# Bones moves to Wed night opposite Veronica Mars



## murgatroyd (Jan 6, 2002)

Checking my To-Do list this morning, I found that Bones' new timeslot on Wednesday night is opposite Veronica Mars. Doesn't LOST also air then?

For me, Bones falls into the TV equivalent of what I call a 'laundry room book' -- something entertaining enough to pass the time while I am doing the laundry, but not necessarily memorable afterwards. 

You may agree or disagree, but nevertheless, I post this warning for everyone, in case the order you created your Season Passes accidentally put Bones higher or lower than you wanted it in your SP Manager.

Jan


----------



## weymo (Jan 26, 2003)

Yep, I learned this one the hard way. I wish there was a way to import all current Season Passes into an Excel sheet...especially to support more than one TiVo to grid out conflicts in scheduling. In fact, I'd love to be able to resolve the conflict and then update the SP's by sending the grid back to the units. Cooperative scheduling between multiple units would be sweet too.


----------



## murgatroyd (Jan 6, 2002)

I'm keeping a MeeVee Planner as a backup, and so I can cross-check shows I might want to see against the SP managers in my two SA TiVos.

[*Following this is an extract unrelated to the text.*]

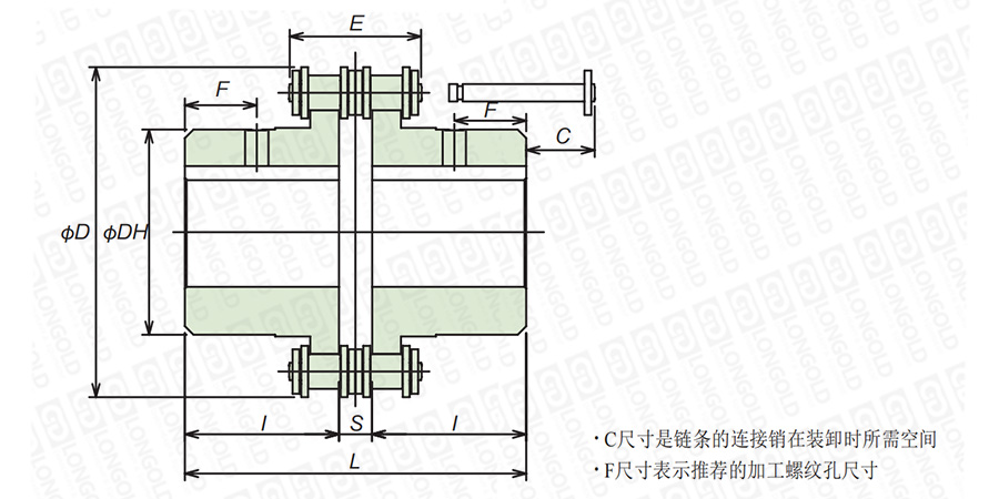 上圖為滾子鏈聯(lián)軸器不銹鋼系列的結(jié)構(gòu)圖。

MeeVee is pretty handy for the TiVoless person. You can put single episodes into your planner, or make something a 'Favorite' (every time it airs, it will be in your planner) or you can designate something as 'New Episodes Only'. Having a TiVo is much, much better, but MeeVee is one of the nicer searchable-listing systems I've used so far.

www.meevee.com

Jan


----------



## Rob Helmerichs (Oct 17, 2000)

Not only Veronica Mars and Lost, but also Criminal Minds and (rumored soon) Law & Order! Of which, one will have to go, and that would be Bones...

That will be the first time I've ever faced a five-way conflict!


----------



## murgatroyd (Jan 6, 2002)

Nuts, isn't it?

Jan


----------



## zuko3984 (May 4, 2002)

Bones Moves to 8pm on March 8th so at least that's one less conflict come march.


----------